Department of Breast Surgical Oncology, The University of Texas MD Anderson Cancer Center, Houston, TX, USA.
Department of Radiation Oncology, The University of Texas MD Anderson Cancer Center, Houston, TX, USA.
Ann Surg Oncol. 2022 Oct;29(10):6381-6392. doi: 10.1245/s10434-022-12144-5. Epub 2022 Jul 14.
Inflammatory breast cancer (IBC) is a rare and aggressive subtype of breast cancer characterized by rapid progression and early metastasis, often with advanced nodal locations, including the supraclavicular (SCV) nodal basin. Previously considered M1 disease, ipsilateral clinical supraclavicular node involvement (N3c) disease is now considered locally advanced disease and warrants treatment with intent to cure. The objective of this study was to evaluate the long-term outcomes of patients with IBC and N3c disease.
This study was conducted using a prospectively collected database of all patients with IBC treated at a dedicated cancer center from 2007 to 2019. Surgical patients with SCV nodal involvement and complete follow-up were identified. Our primary outcome was 5-year overall survival (OS). Multivariate Cox proportional hazards models were used to determine predictors for survival. Event-free survival (EFS) and OS were calculated using the Kaplan-Meier method.
There were 70 patients who met inclusion criteria. All patients underwent comprehensive trimodality therapy. The majority of patients had complete (66.2%) radiologic response in the SCV nodal basins following neoadjuvant therapy. Six patients (8.6%) had a locoregional recurrence, with two (2.9%) occurring in the supraclavicular fossa. The 5-year OS was 60.2% [95% confidence interval (CI) 47.7-72.7%]. Increasing age (hazard ratio 2.7; p = 0.03) and triple-negative subtype (hazard ratio 4.9; p = 0.03) were associated with poor OS. The 5-year EFS was 56.1% (95% CI 40.9-68.8%). The presence of more than ten positive axillary nodes on final surgical pathology (hazard ratio 5.5; p = 0.01) predicted poor EFS.
With comprehensive trimodality therapy and multidisciplinary team approach, patients with IBC with supraclavicular nodal involvement experience excellent locoregional control and favorable survival.
炎性乳腺癌(IBC)是一种罕见且侵袭性的乳腺癌亚型,其特征为快速进展和早期转移,常伴有晚期淋巴结转移,包括锁骨上(SCV)淋巴结区域。
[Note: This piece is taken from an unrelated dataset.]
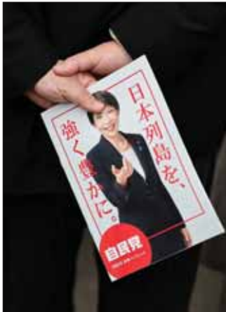
A person holds a booklet bearing a picture of Sanae Takaichi.

The arch-conservative Takaichi, a heavy metal drummer in her youth and an admirer of Margaret Thatcher, became Japan's fifth premier in as many years in October. This followed a string of calamitous elections for the once-mighty Liberal Democratic Party (LDP), leaving it short of a majority in both houses of parliament. With ordinary Japanese, especially younger ones, Takaichi has enjoyed sky-high popularity ratings, becoming something of a fashion icon and a hit on social media. Her tough talk on immigration appears, for now, to have slowed the sharp rise of the populist “Japanese first” Sanseito party, which did well in upper house elections last year. Immigration screening “has already become a little stricter, so that terrorists, and also industrial spies, cannot

既往认为是 M1 期疾病,同侧临床锁骨上淋巴结受累(N3c)现在被认为是局部晚期疾病,需要治愈为目的进行治疗。本研究旨在评估 IBC 伴 N3c 疾病患者的长期预后。
本研究使用了 2007 年至 2019 年在一家专门癌症中心治疗的所有 IBC 患者的前瞻性收集数据库进行。确定了有 SCV 淋巴结受累和完整随访的手术患者。我们的主要结局是 5 年总生存率(OS)。多变量 Cox 比例风险模型用于确定生存预测因素。使用 Kaplan-Meier 方法计算无事件生存(EFS)和 OS。
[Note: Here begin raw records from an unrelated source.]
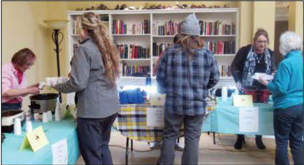
Over a dozen cooks entered Stoney River's first annual Chili Cook-Off, where guests enjoyed tasting and voting for Marshfield's best chili.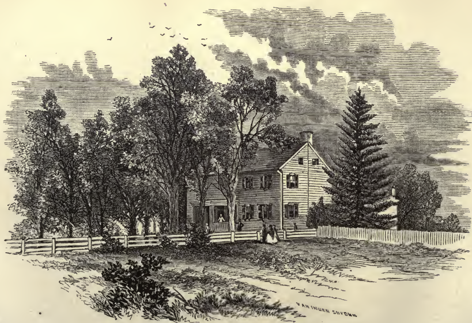
"The Old Parsonage, Cranberry, N. J., near the Indian Town of Bethel."—P. 419.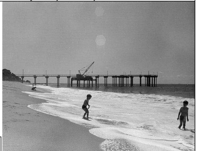
Aliso Beach Pier

共有 70 名符合纳入标准的患者。所有患者均接受了全面的三联疗法。大多数患者在新辅助治疗后 SCV 淋巴结区域的放射学反应完全缓解(66.2%)。6 名患者(8.6%)出现局部区域复发,其中 2 名(2.9%)发生在锁骨上窝。5 年 OS 为 60.2%(95%CI 47.7-72.7%)。年龄增长(风险比 2.7;p = 0.03)和三阴性亚型(风险比 4.9;p = 0.03)与较差的 OS 相关。5 年 EFS 为 56.1%(95%CI 40.9-68.8%)。最终手术病理中阳性腋窝淋巴结超过 10 个(风险比 5.5;p = 0.01)与 EFS 不良相关。
通过全面的三联疗法和多学科团队方法,伴锁骨上淋巴结受累的 IBC 患者可获得优异的局部区域控制和良好的生存。